> **Activity**: Drop the pictures; give again exactly the lines from the one holding "2025-03-30 20:13:20打" through the end of the data.

> **Information supplied**:
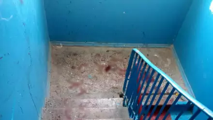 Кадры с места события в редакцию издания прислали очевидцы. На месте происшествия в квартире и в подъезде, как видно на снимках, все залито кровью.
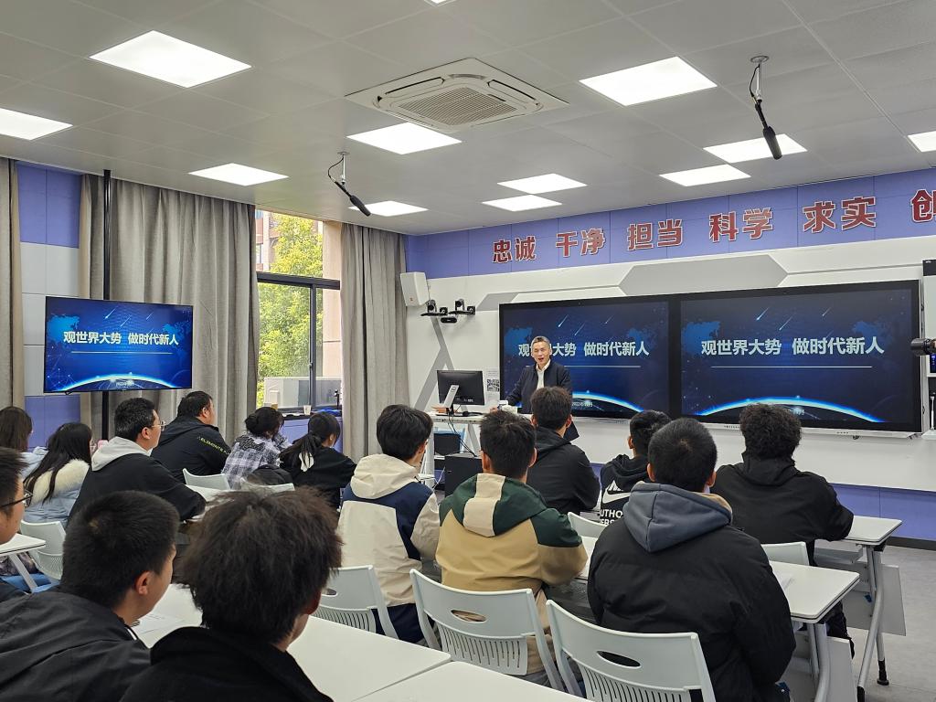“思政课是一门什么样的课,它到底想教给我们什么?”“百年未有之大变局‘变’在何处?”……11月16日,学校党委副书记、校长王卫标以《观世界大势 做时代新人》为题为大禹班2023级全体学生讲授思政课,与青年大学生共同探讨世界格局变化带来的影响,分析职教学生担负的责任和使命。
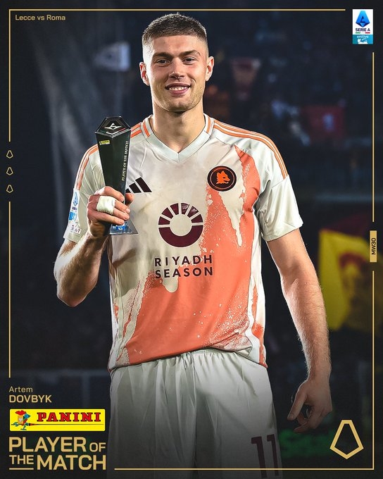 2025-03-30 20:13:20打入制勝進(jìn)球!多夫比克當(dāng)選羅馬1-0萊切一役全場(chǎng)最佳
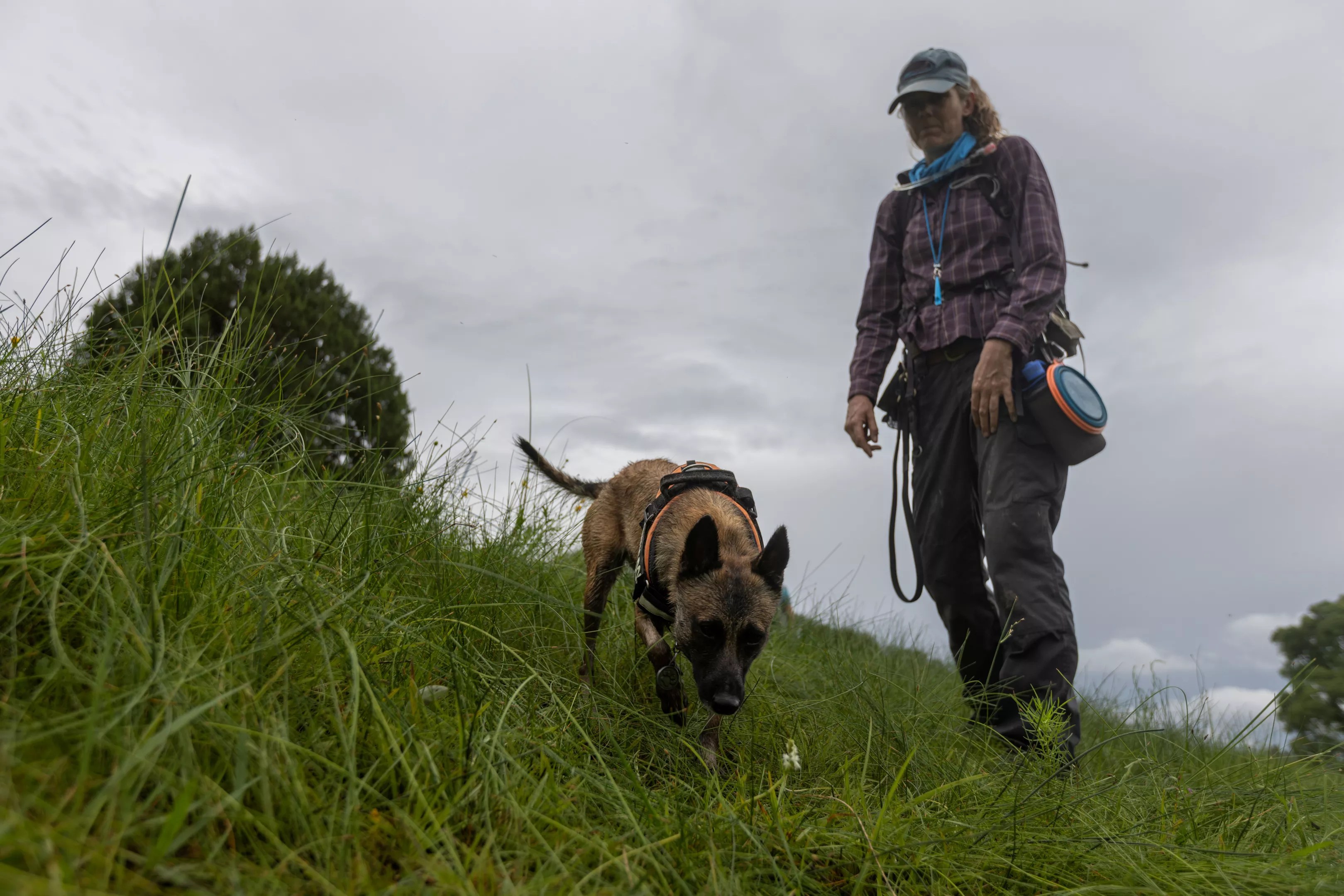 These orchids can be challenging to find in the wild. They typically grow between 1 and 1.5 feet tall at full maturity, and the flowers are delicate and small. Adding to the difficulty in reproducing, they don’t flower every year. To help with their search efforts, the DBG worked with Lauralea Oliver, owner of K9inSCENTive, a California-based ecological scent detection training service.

> **Your response**:
 2025-03-30 20:13:20打入制勝進(jìn)球!多夫比克當(dāng)選羅馬1-0萊切一役全場(chǎng)最佳
 These orchids can be challenging to find in the wild. They typically grow between 1 and 1.5 feet tall at full maturity, and the flowers are delicate and small. Adding to the difficulty in reproducing, they don’t flower every year. To help with their search efforts, the DBG worked with Lauralea Oliver, owner of K9inSCENTive, a California-based ecological scent detection training service.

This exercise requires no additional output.